At the same time, the services that affected the poor most were either cut or stood still.
Charges to public patients were introduced and wards were closed in public hospitals, never to be reopened, still causing distress to many.
Embargoes on recruitment in all public bodies affected the health, education, housing, social welfare and social services.
Our house-building programme came to a grinding halt in the late 1980s. Dublin Corporation built 1,385 houses in 1985, but only 71 houses in 1991, a situation that created a problem which is now becoming even more acute as the current economic boom puts pressure on accommodation at all levels of society.
According to Government statistics, the number of households on waiting lists for public housing nationally has risen from 11,000 in 1989 to 39,179 in 1999 - a 400 per cent increase in 10 years.
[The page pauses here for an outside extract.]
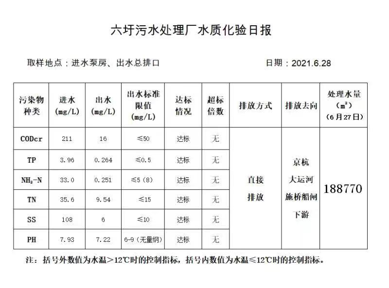 六圩污水处理厂水质化验日报(2021.6.28)

The voluntary sector estimates that well in excess of 40,000 households - which works out at about 120,000 people - are in need of housing, and the homeless population is growing daily.
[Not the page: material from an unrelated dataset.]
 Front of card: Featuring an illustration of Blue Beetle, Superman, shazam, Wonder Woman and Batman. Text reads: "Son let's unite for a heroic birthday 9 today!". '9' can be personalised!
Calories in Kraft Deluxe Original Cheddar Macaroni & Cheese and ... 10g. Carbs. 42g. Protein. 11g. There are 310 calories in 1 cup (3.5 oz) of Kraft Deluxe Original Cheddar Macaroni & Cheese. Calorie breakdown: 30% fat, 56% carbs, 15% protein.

The situation began to improve from the middle 1990s, but we have not recovered from the severe cuts of the 1980s, and during all this time land was being rezoned and bought and sold for gain and greed, not need.
In the late 1980s and early 1990s, the period under investigation in the tribunals, I like many others had people coming to them who were not able to put enough bread on the table to feed their children with what they were receiving in social welfare.
I remember people for whom we managed to secure housing eating whatever food they had off the floor, or off cardboard boxes, or sitting on their bed, because there was no money to provide them with a table or a chair. The situation is not quite as bad as that today, but between 10 and 12 per cent of our population still live in consistent poverty.
We have the second-highest child poverty rate in Europe and we continue to see a sickening gap between those who have too much and those who do not have enough, all a carryover from those times.
In the 1980s we were told that if we were prepared to wait, all would be well and that we would all benefit from the economic prosperity that would follow.
Economic prosperity has followed, but we have not all benefited, and meanwhile this false and pernicious theory absolved policy-makers from taking the responsibility to ensure that whatever wealth we had would be used for the good of all and would be equitably distributed.
While we are busy watching the spectacle of the tribunals, we are avoiding looking at more fundamental questions with regard to accountability and how the structures of our society operate. We do not see that the poverty, exclusion and marginalisation that we experienced in Ireland recently - and continue to experience - are a direct result of the model of development, complete with unjust structures and systems, that we all supported and support.
Ireland needs its tribunals. We need to make people accountable to the law.
But rather than glory in the frailties of others as revealed by the tribunals, let us try instead to ensure that the law is applied to the rich and poor alike. We need more than denunciations and accusations - we need to be more creative about thinking through the kind of Ireland we want.
We need a new commitment, not just from politicians but from all institutions of Church and State and from all of us, to a new Ireland that is just and equitable; a new Ireland that unlocks the energies and creative potential that is still locked away in our people; a new Ireland where we are not greedy and selfish at the core of our being as we appear to be now.
This must be the ethos of our society for the future, a society of right relationships with ourselves, with each other, within our communities and within our society. Is it not for this that our State was founded?